◆ WHAT IS EXPECTED:
Go to the line with "MRI was performed" in the material below and copy from there through the line with "в целевую аудиторию.", exactly. Pictures are not copied.

[Opening RECORD EXTRACTS section]

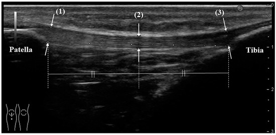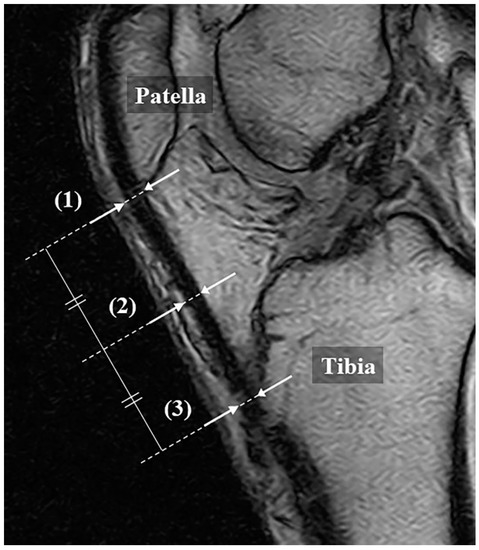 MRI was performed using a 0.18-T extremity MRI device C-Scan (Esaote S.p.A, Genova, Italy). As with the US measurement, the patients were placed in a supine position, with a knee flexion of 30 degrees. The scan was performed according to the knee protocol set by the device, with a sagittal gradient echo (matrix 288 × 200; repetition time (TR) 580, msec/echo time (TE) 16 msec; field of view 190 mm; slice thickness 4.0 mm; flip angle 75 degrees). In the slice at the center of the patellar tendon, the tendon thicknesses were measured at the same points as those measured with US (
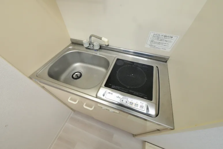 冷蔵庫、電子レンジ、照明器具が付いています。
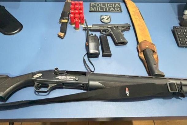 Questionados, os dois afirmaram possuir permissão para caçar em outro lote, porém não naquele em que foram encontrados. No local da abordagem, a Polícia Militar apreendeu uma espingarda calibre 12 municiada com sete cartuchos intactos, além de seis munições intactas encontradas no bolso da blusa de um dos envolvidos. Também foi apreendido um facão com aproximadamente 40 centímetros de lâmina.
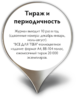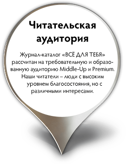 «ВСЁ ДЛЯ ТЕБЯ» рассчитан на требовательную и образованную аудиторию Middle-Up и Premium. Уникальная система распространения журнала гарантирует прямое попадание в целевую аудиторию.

[Closing RECORD EXTRACTS section]
[Opening RECORD EXTRACTS section]

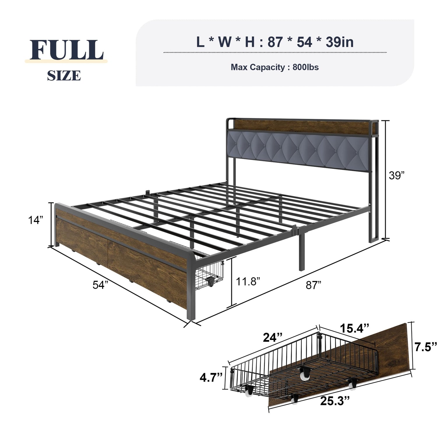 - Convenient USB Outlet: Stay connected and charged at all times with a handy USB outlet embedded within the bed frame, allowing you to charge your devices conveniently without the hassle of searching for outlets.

[Closing RECORD EXTRACTS section]
[Opening RECORD EXTRACTS section]

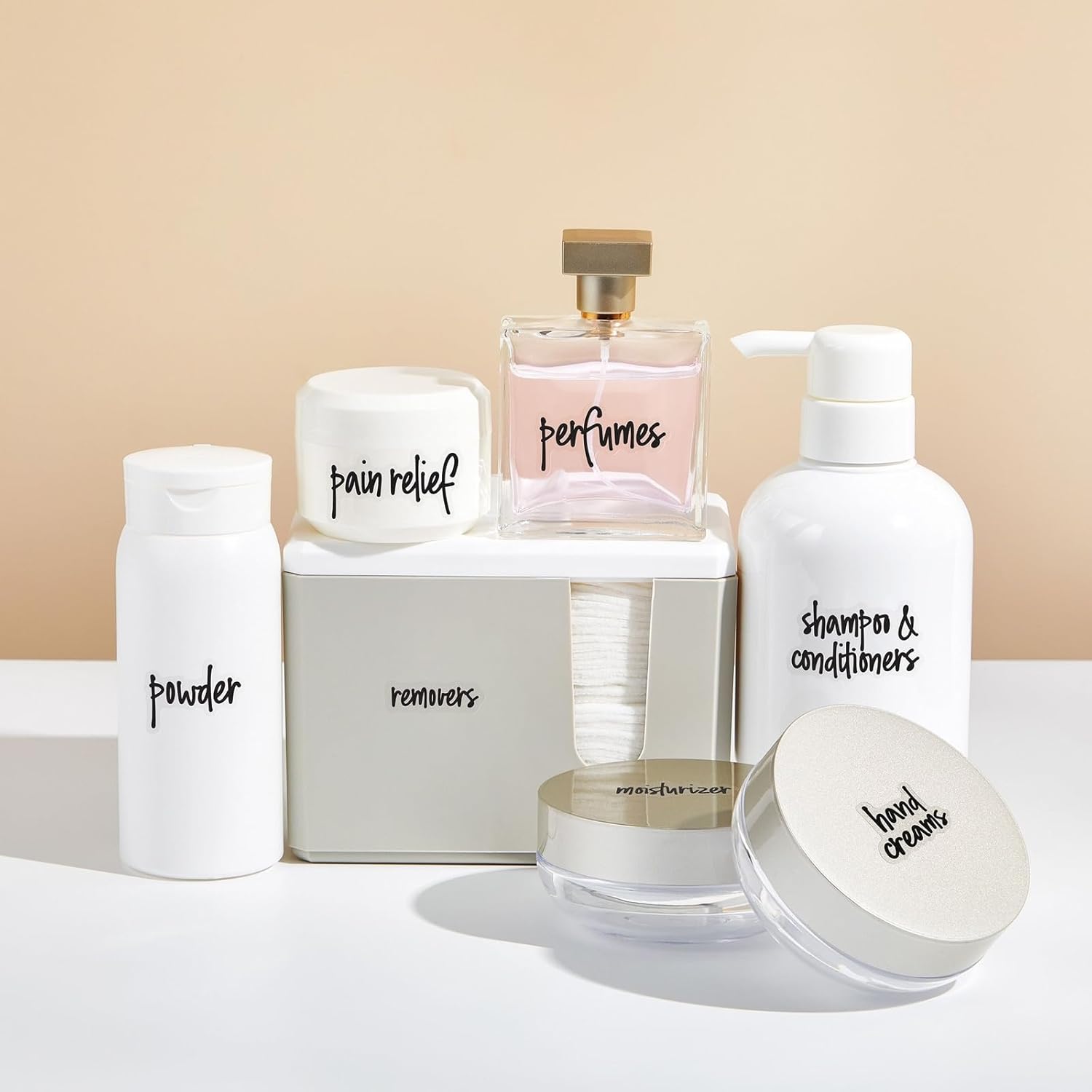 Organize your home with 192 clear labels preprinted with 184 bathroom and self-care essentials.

[Closing RECORD EXTRACTS section]

◆ WRITTEN SOLUTION:
 MRI was performed using a 0.18-T extremity MRI device C-Scan (Esaote S.p.A, Genova, Italy). As with the US measurement, the patients were placed in a supine position, with a knee flexion of 30 degrees. The scan was performed according to the knee protocol set by the device, with a sagittal gradient echo (matrix 288 × 200; repetition time (TR) 580, msec/echo time (TE) 16 msec; field of view 190 mm; slice thickness 4.0 mm; flip angle 75 degrees). In the slice at the center of the patellar tendon, the tendon thicknesses were measured at the same points as those measured with US (
 冷蔵庫、電子レンジ、照明器具が付いています。
 Questionados, os dois afirmaram possuir permissão para caçar em outro lote, porém não naquele em que foram encontrados. No local da abordagem, a Polícia Militar apreendeu uma espingarda calibre 12 municiada com sete cartuchos intactos, além de seis munições intactas encontradas no bolso da blusa de um dos envolvidos. Também foi apreendido um facão com aproximadamente 40 centímetros de lâmina.
 «ВСЁ ДЛЯ ТЕБЯ» рассчитан на требовательную и образованную аудиторию Middle-Up и Premium. Уникальная система распространения журнала гарантирует прямое попадание в целевую аудиторию.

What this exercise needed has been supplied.